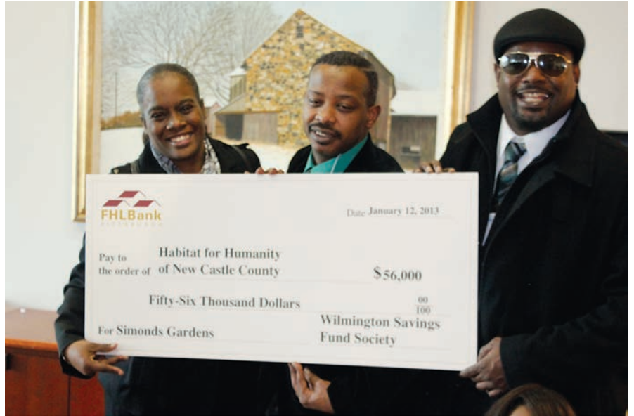
Blueprint Communities, supported by CCRS, aided Neighbors Helping Hands and Habitat for Humanity in pursuing a grant to assist elders and individuals with disabilities in need of home repairs.

The seven communities currently in the program have raised over $700,000 in the past year, and these grant funds will help their initiatives move forward. The impact is increased by a commitment from another CCRS
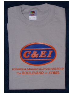
CEI 008 Tee Shirt Silk Screen
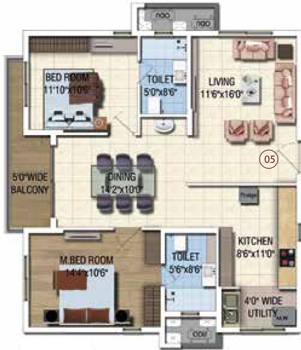
SBA - 1300 sft
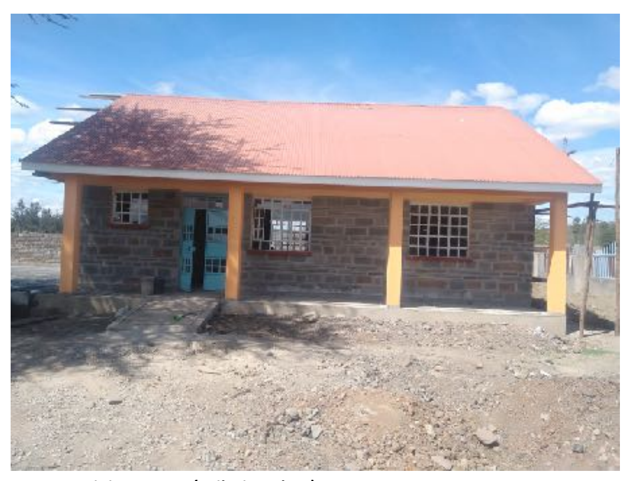
Career Training Center (Tailoring Class)

We may build more workshops in future if need be and also depending on availability of funds. Our computer workshop will really help our children to be computer literate which is a Ministry of Education requirement. At the same time our tailoring workshop will assist in training our youths and sewing our school uniforms.
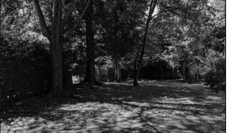
157 POWELL STREET
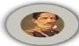
JUAN PEZET 1863-1865
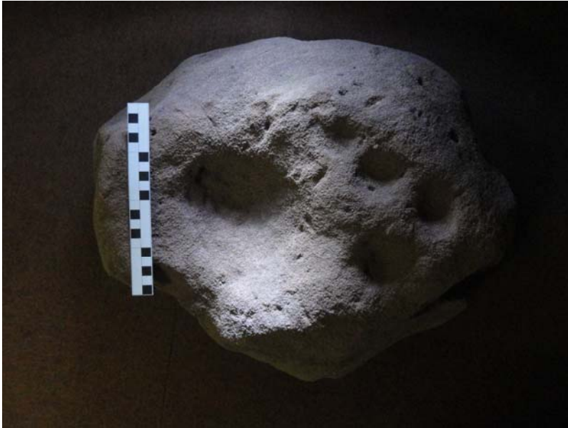
Sandstone boulder decorated with Bronze Age 'rock art'

All of this labouring ultimately proved to be rewarding when one of the boulders was discovered to be decorated with a form of Bronze Age rock art known as 'cup marks'. This art work together with finds of Bronze Age pottery and flint work (including a barbed and tanged arrowhead) clearly demonstrate that Eddisbury hill was an important site long before the Iron Age hillfort was built.
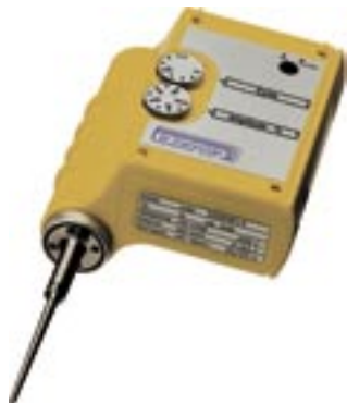
ultrasonic laboratory processors
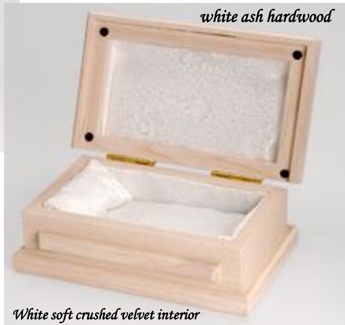
white ash hardwood

White Ash: Our white ash casket has a white wash stain that lets the wood grain show through. The interior of this casket is carefully crafted in a white soft crushed velvet. These lovely solid white ash caskets are made by Amish casket woodcrafters of northern Ohio.
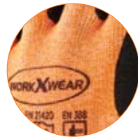
Cut protection Level 3 (EN388)
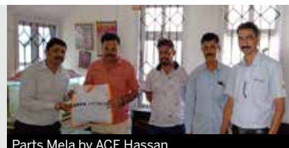
Parts Mela by ACE Hassan
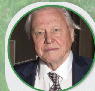
Sir David Attenborough
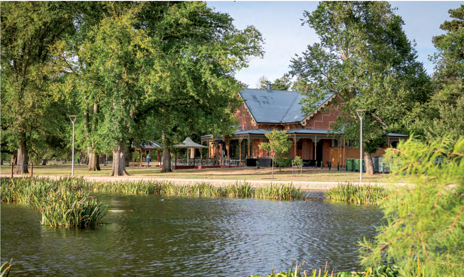
Lake Wendouree Reserve
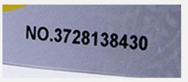
Black flat code
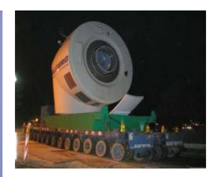
Multibrid Bremerhaven M5000
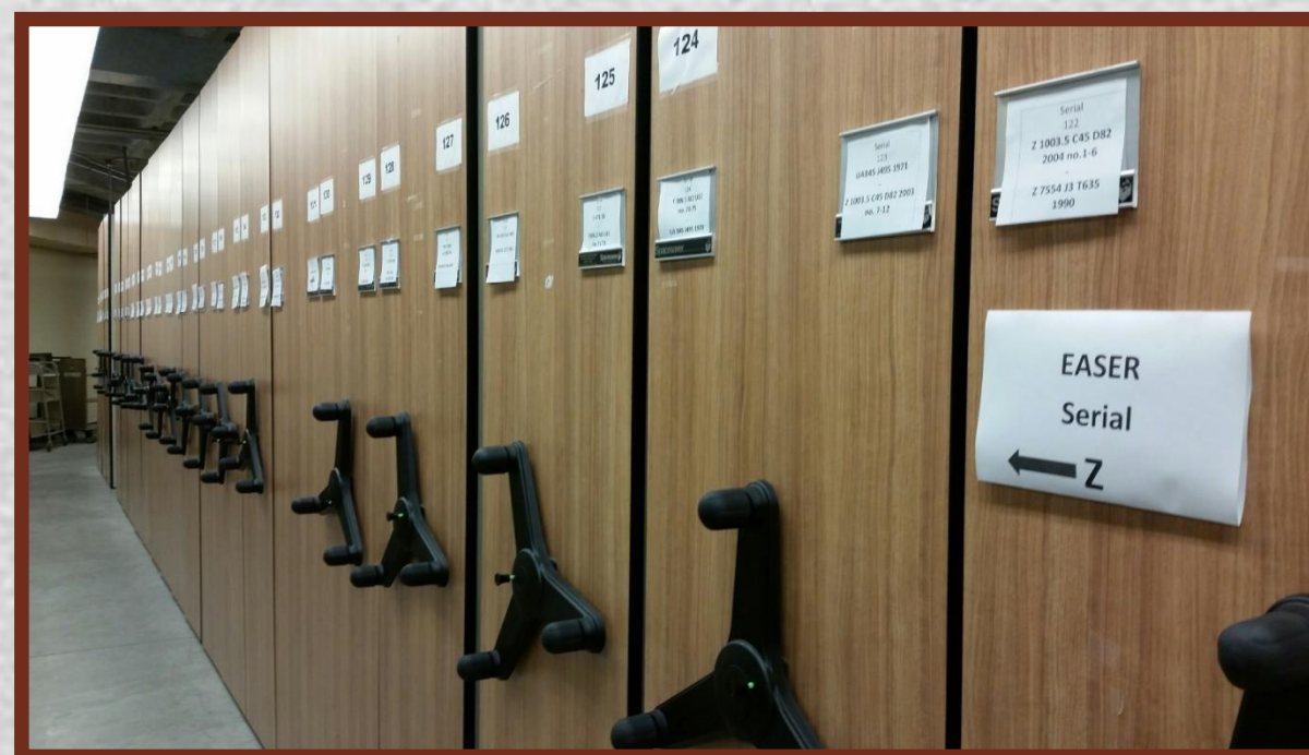
All serials finally consolidated into a single location by call number, the result of a major shifting project to enhance accessibility and preservation, September 2016

In 2016, East Asia Library completed a one-year project to reorganize the Auxiliary Stacks to allow EAL print periodicals to be shelved in one location and to create more shelving space for monographs. This was the most extensive shelving shifting to date at the East Asia Library.
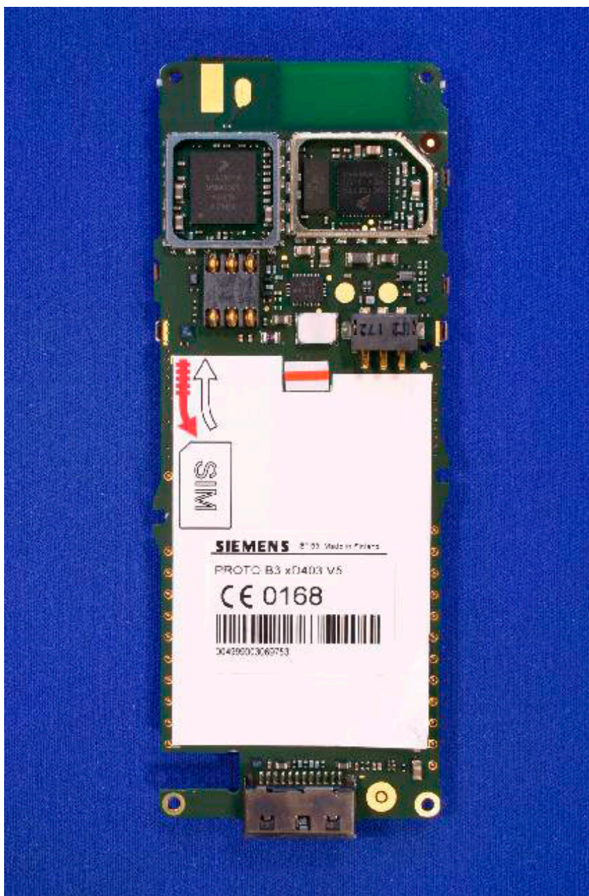
CC75 PCB Back View Shield removed
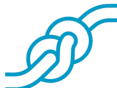
The 'sufficient ties test'

These tests can be complex, and we would advise any new entrant to the UK or person who spends time working in the UK to take professional advice to determine whether they are a UK tax resident.
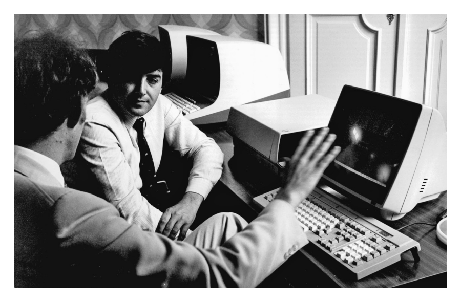
FIGURE 7. IIASA scientists at work, probably the 1970s.
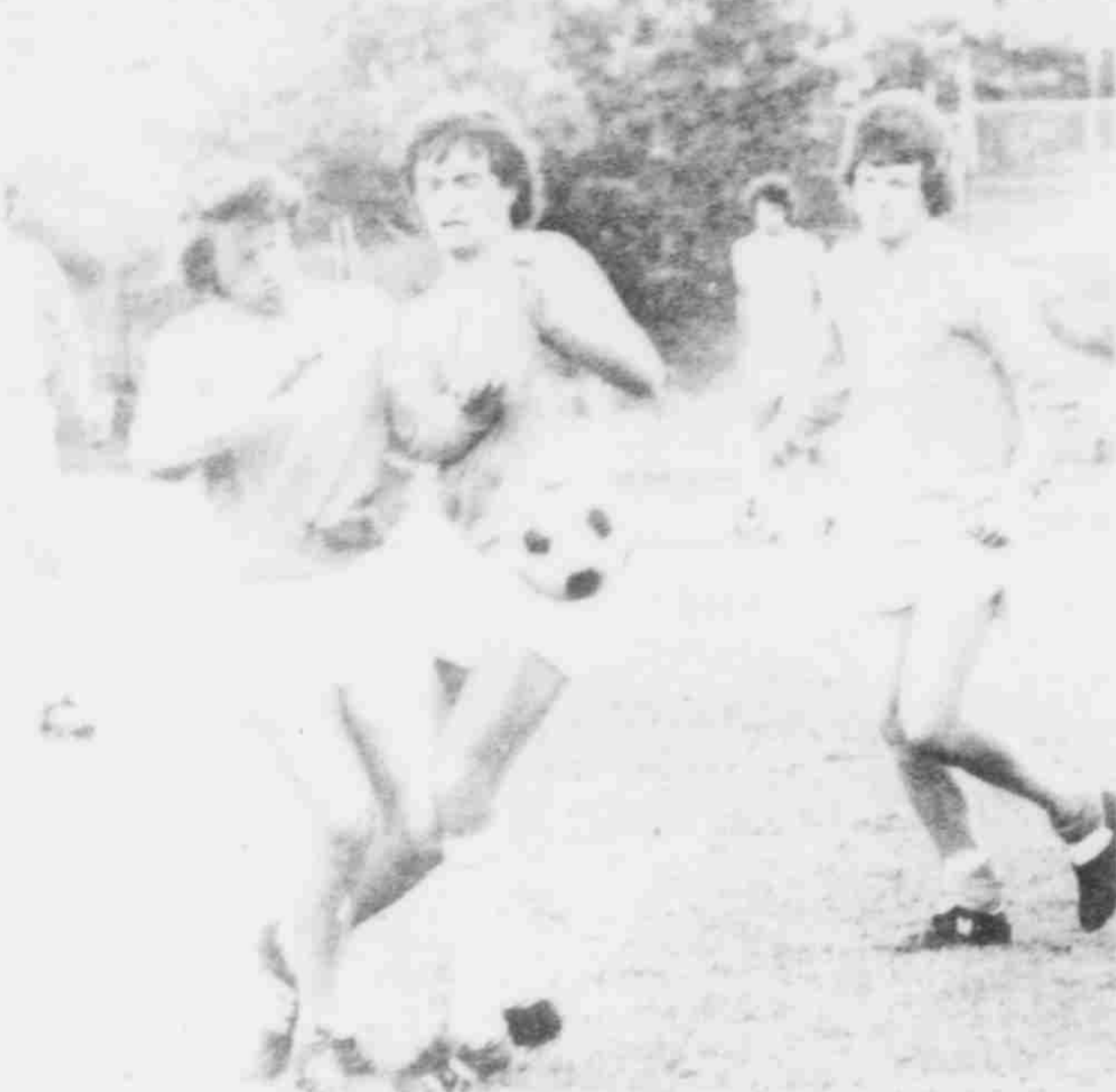
UNC players mix it up with players from South Florida in Friday's soccer match. UNC won the match, 4-1.

________

**Problem:** Write the entries out again exactly as they appear, with the pictures omitted.

**Solution to this problem:**
Blueprint Communities, supported by CCRS, aided Neighbors Helping Hands and Habitat for Humanity in pursuing a grant to assist elders and individuals with disabilities in need of home repairs.

The seven communities currently in the program have raised over $700,000 in the past year, and these grant funds will help their initiatives move forward. The impact is increased by a commitment from another CCRS
CEI 008 Tee Shirt Silk Screen
SBA - 1300 sft
Career Training Center (Tailoring Class)

We may build more workshops in future if need be and also depending on availability of funds. Our computer workshop will really help our children to be computer literate which is a Ministry of Education requirement. At the same time our tailoring workshop will assist in training our youths and sewing our school uniforms.
157 POWELL STREET
JUAN PEZET 1863-1865
Sandstone boulder decorated with Bronze Age 'rock art'

All of this labouring ultimately proved to be rewarding when one of the boulders was discovered to be decorated with a form of Bronze Age rock art known as 'cup marks'. This art work together with finds of Bronze Age pottery and flint work (including a barbed and tanged arrowhead) clearly demonstrate that Eddisbury hill was an important site long before the Iron Age hillfort was built.
ultrasonic laboratory processors
white ash hardwood

White Ash: Our white ash casket has a white wash stain that lets the wood grain show through. The interior of this casket is carefully crafted in a white soft crushed velvet. These lovely solid white ash caskets are made by Amish casket woodcrafters of northern Ohio.
Cut protection Level 3 (EN388)
Parts Mela by ACE Hassan
Sir David Attenborough
Lake Wendouree Reserve
Black flat code
Multibrid Bremerhaven M5000
All serials finally consolidated into a single location by call number, the result of a major shifting project to enhance accessibility and preservation, September 2016

In 2016, East Asia Library completed a one-year project to reorganize the Auxiliary Stacks to allow EAL print periodicals to be shelved in one location and to create more shelving space for monographs. This was the most extensive shelving shifting to date at the East Asia Library.
CC75 PCB Back View Shield removed
The 'sufficient ties test'

These tests can be complex, and we would advise any new entrant to the UK or person who spends time working in the UK to take professional advice to determine whether they are a UK tax resident.
FIGURE 7. IIASA scientists at work, probably the 1970s.
UNC players mix it up with players from South Florida in Friday's soccer match. UNC won the match, 4-1.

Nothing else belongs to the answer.